The Openness Of The Open Source Vulnerability Database

There are a lot of open source initiatives out there that aren't just software, but ways to get information into people's hands. Today an open source supplier of security vulnerability information, the OSVDB, just went live with a whole new revision to its service. The information it provides is free, albeit with some strings attached that have raised a few hackles.

The basic idea's pretty elegant: Take all the ethically disclosed software security information you can find and make it available in as detailed and up-to-date format as you can without the interests of any particular software vendor. The results can and have been integrated with a number of third-party security products such as Nikto (itself an open source product).

The licensing scheme for the OSVDB has raised a couple of hackles, though. While folks can download the entire OSVDB database and repurpose it in a for-profit or open source product, you need to contact the OSVDB about reusing the data and reference it as the source throughout the product itself. And while the schema for the data, and the data itself, are freely available, as far as I have been able to tell the code for the OSVDB's interface, the Web site, and the OSVDB search system itself are not available as an open source product.

One critic of this setup (posted in Slashdot's comments section back in 2004 when the OSVDB went live) derided the OSVDB's custom license and use of "open source" as little more than a "marketing term." He further ventured a guess that after a year or two it would be bought out and turned into a commercial outfit.

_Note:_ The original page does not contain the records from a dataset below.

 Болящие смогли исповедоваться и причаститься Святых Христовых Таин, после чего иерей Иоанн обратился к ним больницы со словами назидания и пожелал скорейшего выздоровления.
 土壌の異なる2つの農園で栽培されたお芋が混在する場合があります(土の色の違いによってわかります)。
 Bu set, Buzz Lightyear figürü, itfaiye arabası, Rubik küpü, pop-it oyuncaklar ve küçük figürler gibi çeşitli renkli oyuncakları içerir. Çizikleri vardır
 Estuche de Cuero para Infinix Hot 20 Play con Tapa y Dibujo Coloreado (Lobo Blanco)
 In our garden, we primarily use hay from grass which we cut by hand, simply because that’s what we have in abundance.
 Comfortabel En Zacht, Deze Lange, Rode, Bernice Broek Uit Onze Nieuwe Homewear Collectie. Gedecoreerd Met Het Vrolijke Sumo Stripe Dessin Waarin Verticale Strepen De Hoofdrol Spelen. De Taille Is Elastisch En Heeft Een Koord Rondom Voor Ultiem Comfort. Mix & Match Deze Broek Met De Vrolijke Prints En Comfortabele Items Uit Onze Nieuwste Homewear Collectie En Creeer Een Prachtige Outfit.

That hasn't happened, and I doubt it would, but the design of the service brings up an ethical question: Are the maintainers of the OSVDB ethically bound to release the site's search code as well as the data and its schema?

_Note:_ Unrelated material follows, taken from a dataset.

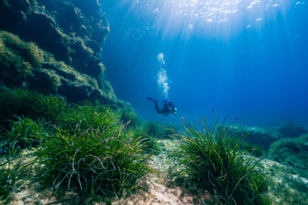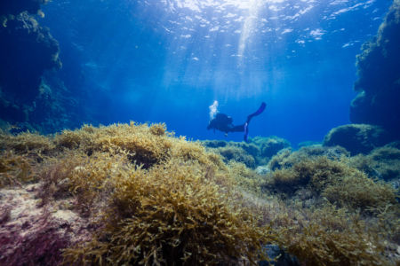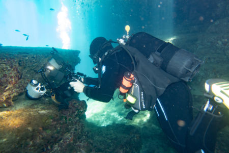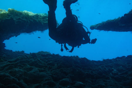 Wir sind beide etwas nervös, da wir schon seit über eineinhalb Jahren nichtmehr getaucht sind, der erste Tauchgang ist aber mit den Comino Caves perfekt dafür – es geht nur ca. 10m tief und der Einstieg ist über einer Sandbank. Wir starten über die Arch, die normalerweise erst am Schluss dran ist und sehen direkt einen Oktopus. Ich mache einige Bilder, doch das scheint ihn etwas zu stören und er rennt davon. (Allerdings auch mal cool einen laufenden Oktopus zu sehen – das habe ich bisher nur bei Nacht erlebt) Wir tauchen weiter durch die Cavern in die Höhlen und kommen zum Z. Zwischendurch fühlt sich der Druckausgleich im rechten Ohr komisch an, er funktioniert aber durchgehend und das komische Gefühl legt sich auch bald. Insgesamt ein sehr entspannter Tauchgang, ideal um wieder reinzukommen.
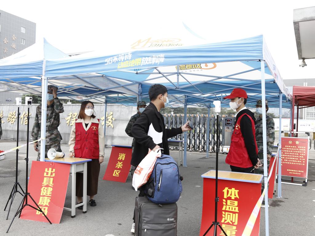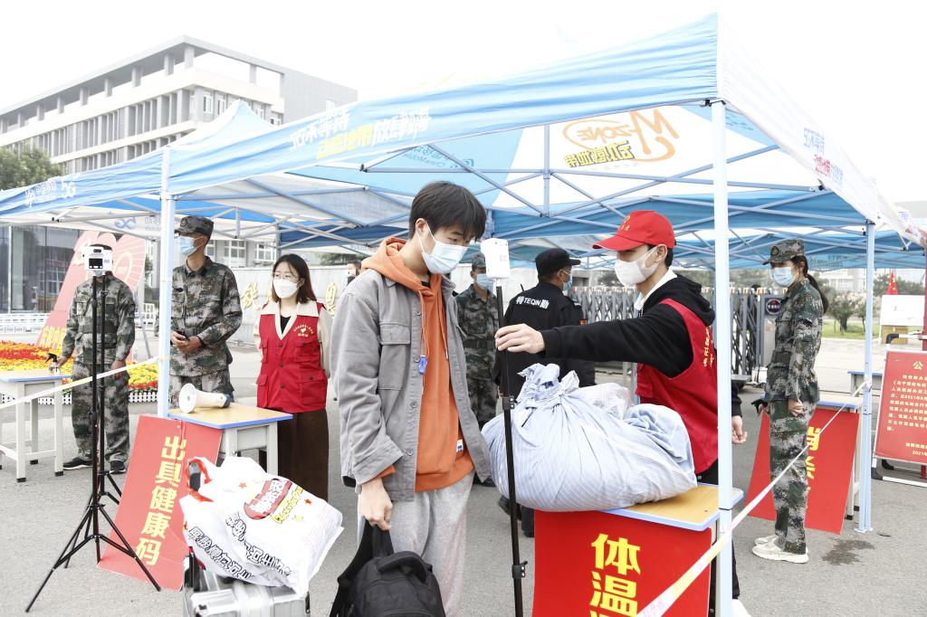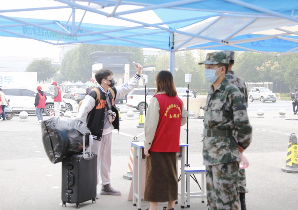 “同学,请出示健康码,测量体温。”学校北门帐篷下,值班工作人员向前来报到的同学们逐一悉心提醒。消杀处,工作人员不放过任何一件行李,不留任何一个死角,仔细认真做好消杀工作。同学们间隔一米,保持安全距离,有序排队入校。

It's a tough question. Wikipedia, for instance, has its own software available as an open source application, although the data in Wikipedia, the way you access it, and the ends it's put to are markedly unlike the OSVDB. It could be argued that the value of the OSVDB isn't exclusively in its presentation through the OSVDB Web site, and so releasing the presentation code wouldn't be as useful as releasing the data.

I'm fairly sure issues like this will become more, not less, common as the general concept of openness as a standard to aspire to spreads. I've sent the folks at the OSVDB an e-mail about this whole thing and will be printing what they say in a follow-up.